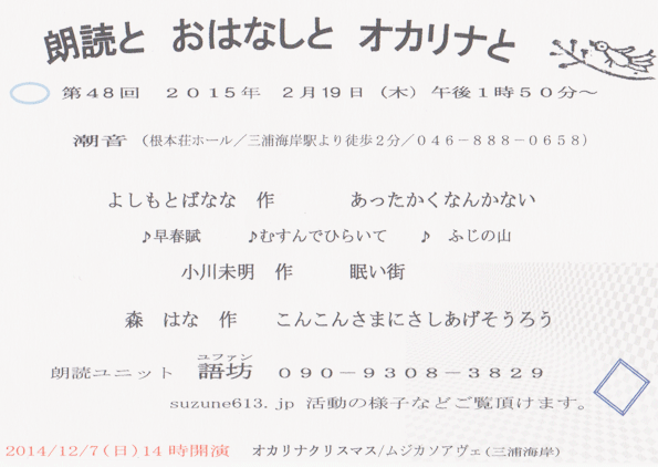 根本荘ホール「潮音」で年4回開いております朗読会。
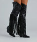 Give off edgy country babe vibes in these sleek fringe western boots! They feature a knee-high height with pull tabs on each side for easy wear. a back zipper closure. small studded-embellished trims. a flowy fringe all-around design. a pointed toe. and a low block heel. The western-style boots are composed of a faux leather material. Pair with a corset top and a mini skirt for a cute bar look!
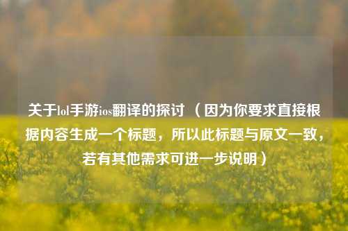 关于lol手游ios翻译的探讨 (因为你要求直接根据内容生成一个标题,所以此标题与原文一致,若有其他需求可进一步说明)

**Assigned task**
Without the images, write out each line of the data verbatim.

**Result of the task**
 根本荘ホール「潮音」で年4回開いております朗読会。
 Give off edgy country babe vibes in these sleek fringe western boots! They feature a knee-high height with pull tabs on each side for easy wear. a back zipper closure. small studded-embellished trims. a flowy fringe all-around design. a pointed toe. and a low block heel. The western-style boots are composed of a faux leather material. Pair with a corset top and a mini skirt for a cute bar look!
 关于lol手游ios翻译的探讨 (因为你要求直接根据内容生成一个标题,所以此标题与原文一致,若有其他需求可进一步说明)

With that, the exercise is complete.